Beijing Intellectual Property Court releases 10 typical cases of infringement of trade secrets (5/10)
Original Article:
https://bjzcfy.bjcourt.gov.cn/article/detail/2023/12/id/7689887.shtml
On November 30th, 2023, the Beijing Intellectual Property Court held a press conference to release the ten typical cases of infringement of trade secrets. These cases are significant in clarifying the judicial thinking and rules for handling trade secret infringement cases, enhancing awareness of self-protection and compliance for businesses, and fostering a favorable atmosphere in society that respects and protects trade secrets. We will provide a complete translation of the case details and analysis text released by the Beijing Intellectual Property Court as follows:
Case 5: Infringement of Trade Secrets in Circuit Board Design
[Case Overview]
A certain software limited company (referred to as Company A) is the developer of the computer software “Construction Enterprise Management Information System V4.8” (referred to as the implicated software). Three individuals, including Mr. Zang, were former senior executives of Company A. After leaving the company, they established a certain technology limited company (referred to as Company B) and engaged in the development of enterprise information management system software. They also sold their developed management information system (referred to as the accused infringing software) to a certain design research institute limited company (referred to as Company C). Company A claims that Company B’s sale of the accused infringing software, which infringes on the trade secrets of the implicated software, and Product End-User Company C’s knowing purchase and use of the accused infringing software, constitute violations of Article 10, Paragraphs 1 and 2 of the 1993 Anti-Unfair Competition Law. Therefore, they filed a lawsuit in the first-instance court, requesting that Company B and Product End-User Company C immediately cease their trade secret infringement, apologize, eliminate the impact, and jointly compensate for economic losses totaling CNY 300,000 .

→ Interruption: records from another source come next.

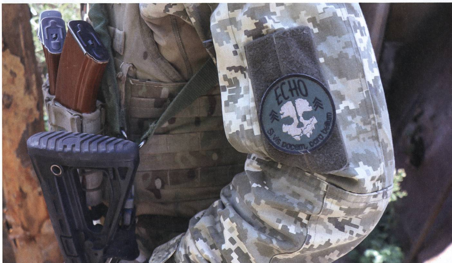
Ein Zugs-Patch mit berühmter Botschaft.

die zur Elite der ukrainischen Streitkräfte zählt.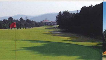
西熱海ゴルフコース 熱海市西熱海1800 0557-84-1111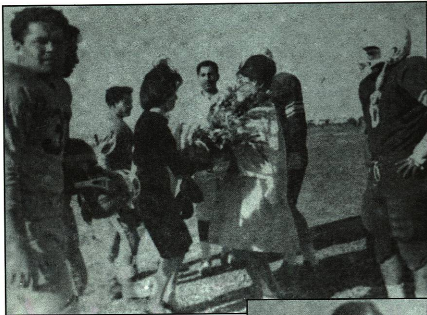
Las madrinas de los equipos "Castores" de Ingeniería Civil y los "Osos" de Ingeniería Mecánica, intercambian ramos de flores durante la inauguración del torneo de fútbol americano en 1963.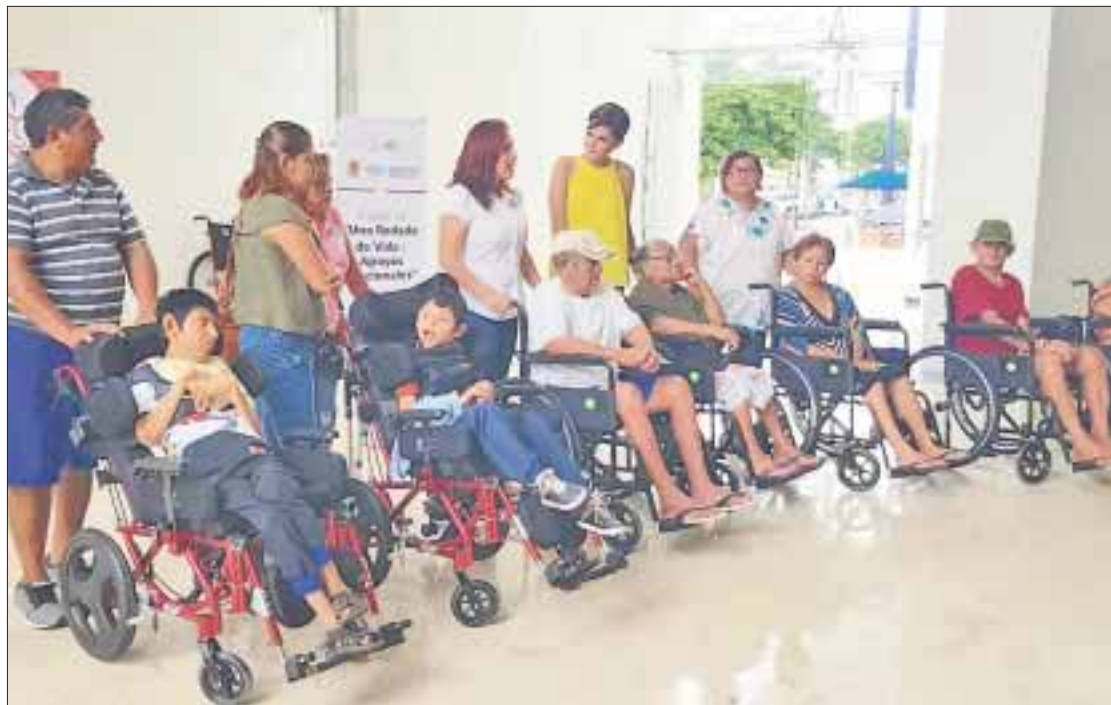
Bastones, andaderas y sillas de ruedas ayudarán a sus nuevos propietarios a mejorar su calidad de vida.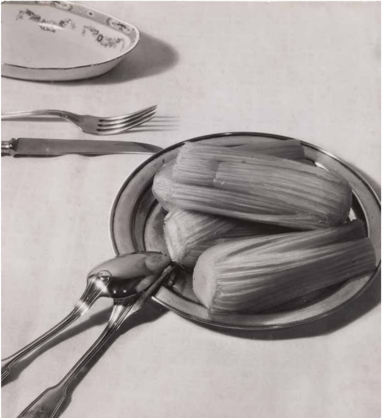
Albert Malevez, Tafel met bord voetselder , 1933 Collectie FOMU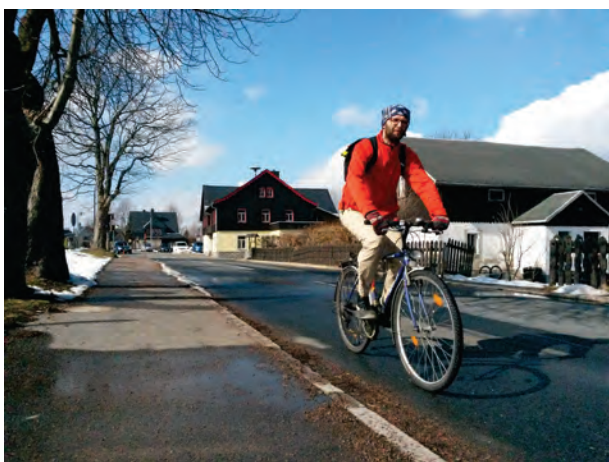
Ekologický příjezd na OPS pro hospodářství, vědu a vzdělávání dne 27.3.2018 v Schellerhau

After the first-instance court trial, it was found that Company B had used the trade secrets of Company A’s implicated software in the accused infringing software. Product End-User Company C, knowing that the accused infringing software was suspected of infringing trade secrets, still actively purchased, installed, and used it. Both parties jointly infringed on Company A’s trade secrets. Therefore, the first-instance court ordered Company B and Product End-User Company C to immediately cease their trade secret infringement, eliminate the impact, and jointly compensate Company A for economic losses totaling CNY 300,000 .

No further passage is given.